Exercise:
Could the listing below be reproduced exactly, minus its pictures?

<<<<

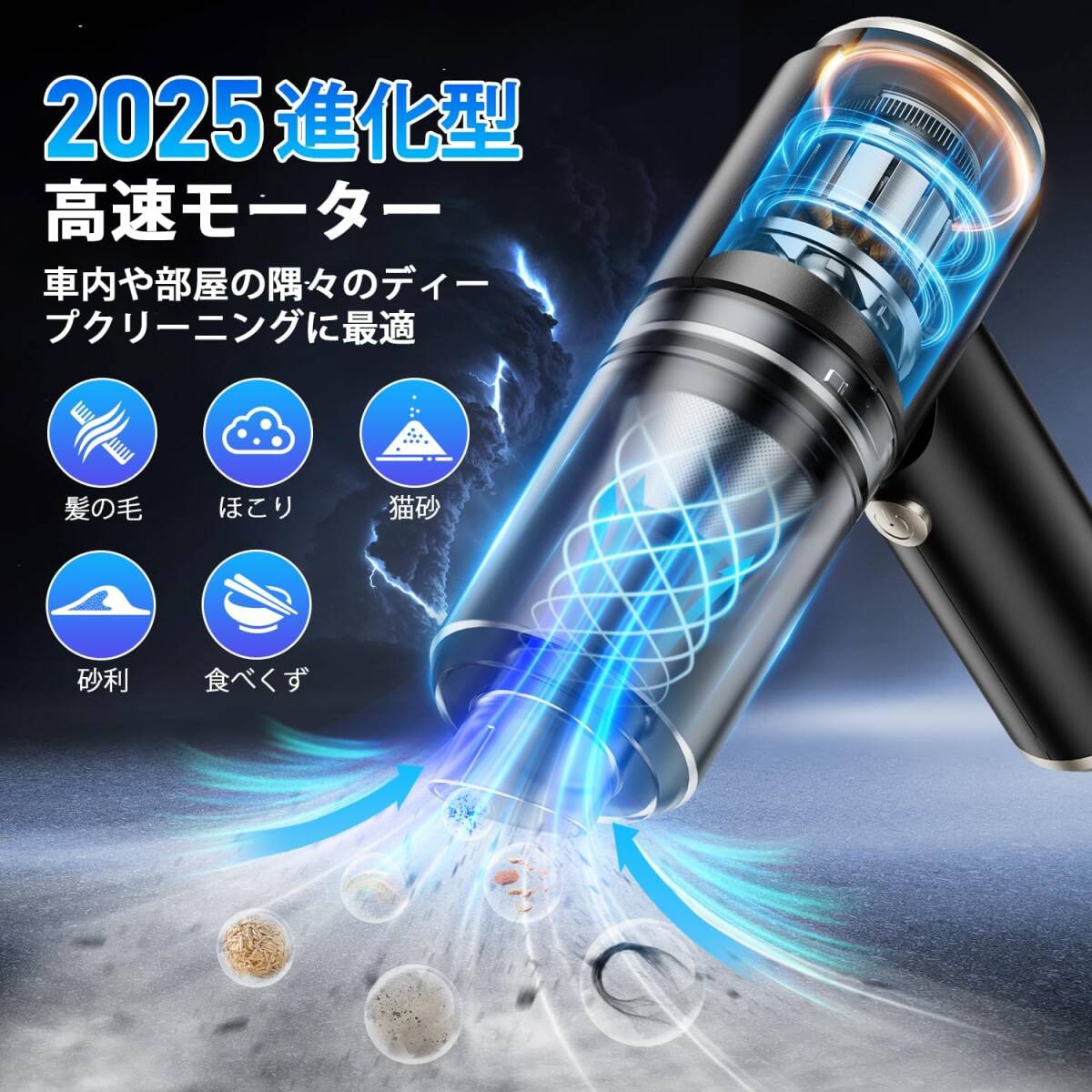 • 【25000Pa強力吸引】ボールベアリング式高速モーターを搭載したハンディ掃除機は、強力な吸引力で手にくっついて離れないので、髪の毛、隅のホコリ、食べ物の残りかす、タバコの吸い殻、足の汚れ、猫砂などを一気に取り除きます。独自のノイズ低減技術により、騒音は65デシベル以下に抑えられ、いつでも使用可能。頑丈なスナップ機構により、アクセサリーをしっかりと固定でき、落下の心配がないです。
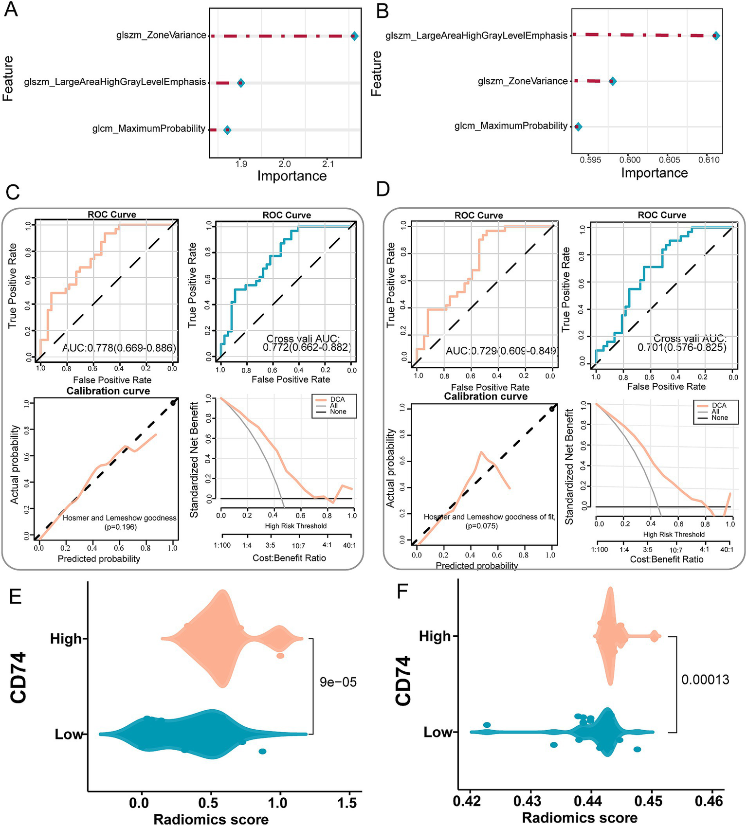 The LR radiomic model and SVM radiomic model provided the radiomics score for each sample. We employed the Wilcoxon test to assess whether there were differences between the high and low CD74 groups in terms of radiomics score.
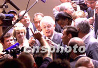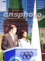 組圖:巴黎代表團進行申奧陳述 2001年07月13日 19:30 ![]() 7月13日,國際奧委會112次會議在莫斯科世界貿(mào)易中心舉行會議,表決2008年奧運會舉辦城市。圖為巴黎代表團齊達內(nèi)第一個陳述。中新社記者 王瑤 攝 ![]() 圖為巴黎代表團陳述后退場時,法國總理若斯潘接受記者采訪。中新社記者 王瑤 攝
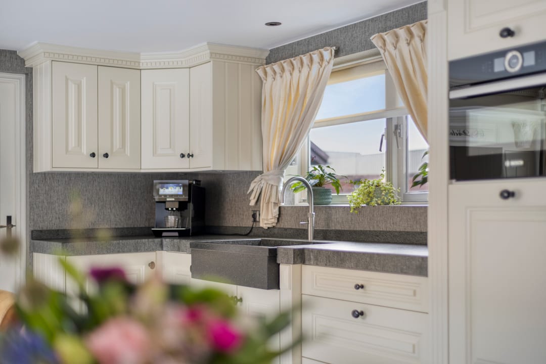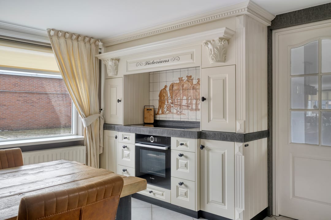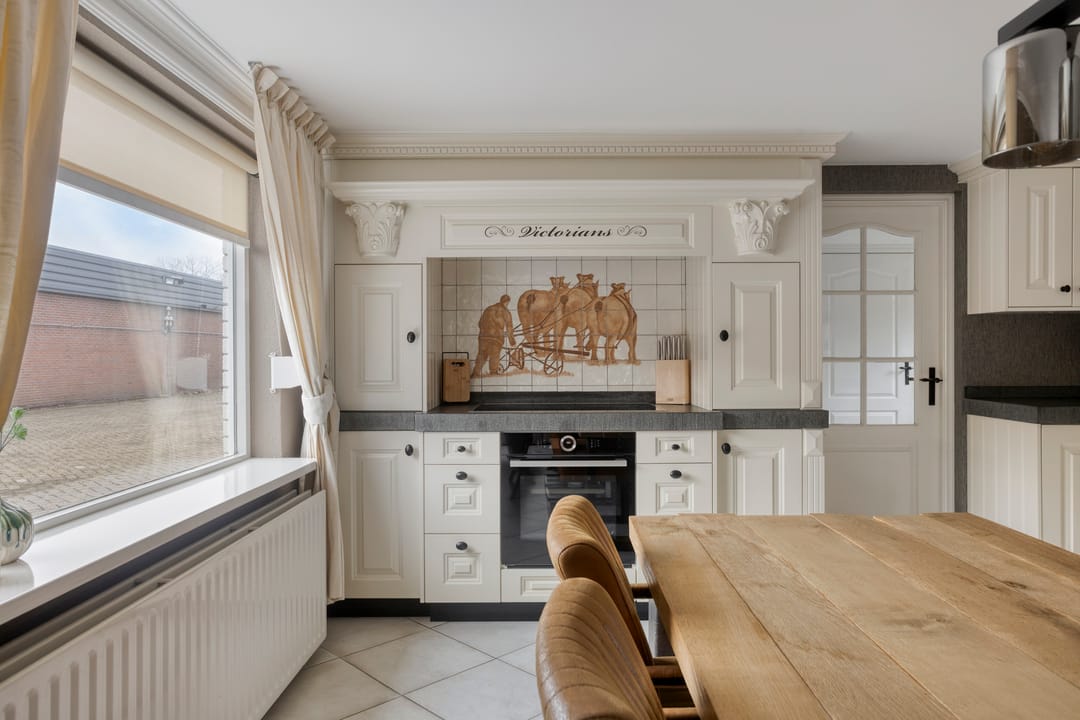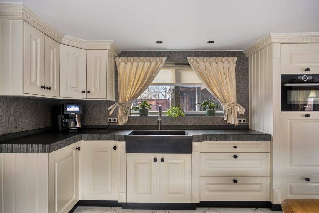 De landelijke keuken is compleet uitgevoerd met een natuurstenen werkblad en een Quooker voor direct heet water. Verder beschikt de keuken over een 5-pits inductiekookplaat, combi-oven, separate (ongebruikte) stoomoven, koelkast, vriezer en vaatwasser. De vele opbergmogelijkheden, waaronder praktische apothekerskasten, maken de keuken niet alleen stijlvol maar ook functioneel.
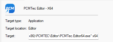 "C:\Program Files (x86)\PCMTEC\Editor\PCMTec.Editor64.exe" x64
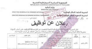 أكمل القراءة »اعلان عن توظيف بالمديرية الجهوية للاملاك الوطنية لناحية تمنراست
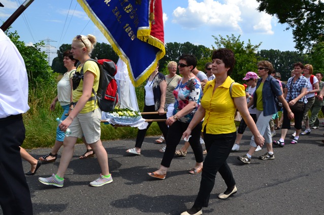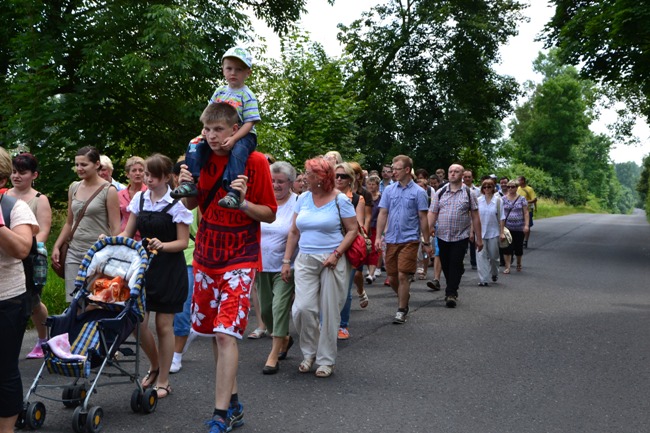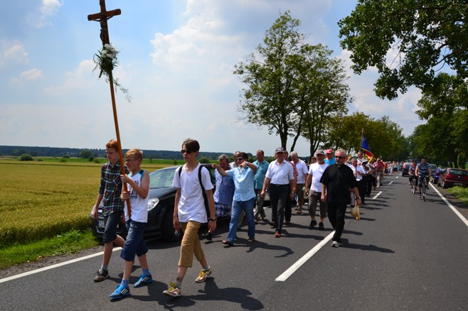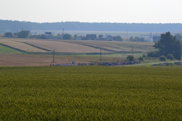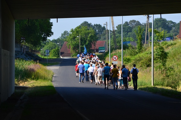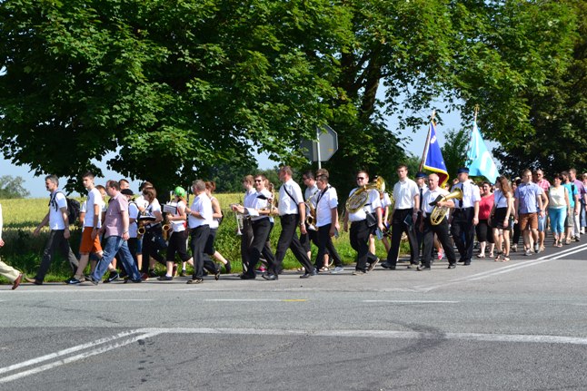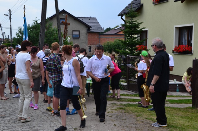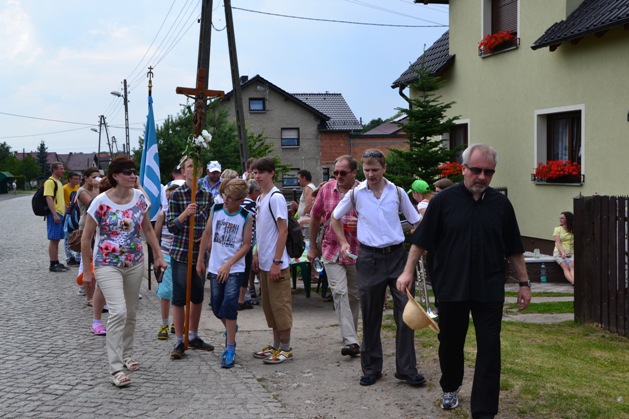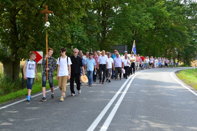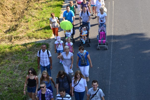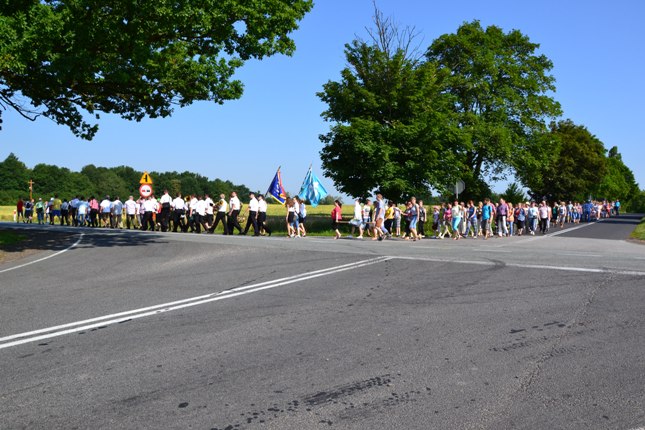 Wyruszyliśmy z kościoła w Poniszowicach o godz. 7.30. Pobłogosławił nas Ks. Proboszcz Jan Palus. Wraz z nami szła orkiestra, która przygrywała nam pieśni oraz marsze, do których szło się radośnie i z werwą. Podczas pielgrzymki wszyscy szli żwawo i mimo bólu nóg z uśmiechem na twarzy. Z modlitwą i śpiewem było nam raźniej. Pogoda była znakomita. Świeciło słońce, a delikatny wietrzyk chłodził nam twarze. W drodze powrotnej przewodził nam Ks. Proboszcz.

>>>>

Your solution:
 • 【25000Pa強力吸引】ボールベアリング式高速モーターを搭載したハンディ掃除機は、強力な吸引力で手にくっついて離れないので、髪の毛、隅のホコリ、食べ物の残りかす、タバコの吸い殻、足の汚れ、猫砂などを一気に取り除きます。独自のノイズ低減技術により、騒音は65デシベル以下に抑えられ、いつでも使用可能。頑丈なスナップ機構により、アクセサリーをしっかりと固定でき、落下の心配がないです。
 The LR radiomic model and SVM radiomic model provided the radiomics score for each sample. We employed the Wilcoxon test to assess whether there were differences between the high and low CD74 groups in terms of radiomics score.
 組圖:巴黎代表團進行申奧陳述 2001年07月13日 19:30 ![]() 7月13日,國際奧委會112次會議在莫斯科世界貿(mào)易中心舉行會議,表決2008年奧運會舉辦城市。圖為巴黎代表團齊達內(nèi)第一個陳述。中新社記者 王瑤 攝 ![]() 圖為巴黎代表團陳述后退場時,法國總理若斯潘接受記者采訪。中新社記者 王瑤 攝
 De landelijke keuken is compleet uitgevoerd met een natuurstenen werkblad en een Quooker voor direct heet water. Verder beschikt de keuken over een 5-pits inductiekookplaat, combi-oven, separate (ongebruikte) stoomoven, koelkast, vriezer en vaatwasser. De vele opbergmogelijkheden, waaronder praktische apothekerskasten, maken de keuken niet alleen stijlvol maar ook functioneel.
 "C:\Program Files (x86)\PCMTEC\Editor\PCMTec.Editor64.exe" x64
 أكمل القراءة »اعلان عن توظيف بالمديرية الجهوية للاملاك الوطنية لناحية تمنراست
 Wyruszyliśmy z kościoła w Poniszowicach o godz. 7.30. Pobłogosławił nas Ks. Proboszcz Jan Palus. Wraz z nami szła orkiestra, która przygrywała nam pieśni oraz marsze, do których szło się radośnie i z werwą. Podczas pielgrzymki wszyscy szli żwawo i mimo bólu nóg z uśmiechem na twarzy. Z modlitwą i śpiewem było nam raźniej. Pogoda była znakomita. Świeciło słońce, a delikatny wietrzyk chłodził nam twarze. W drodze powrotnej przewodził nam Ks. Proboszcz.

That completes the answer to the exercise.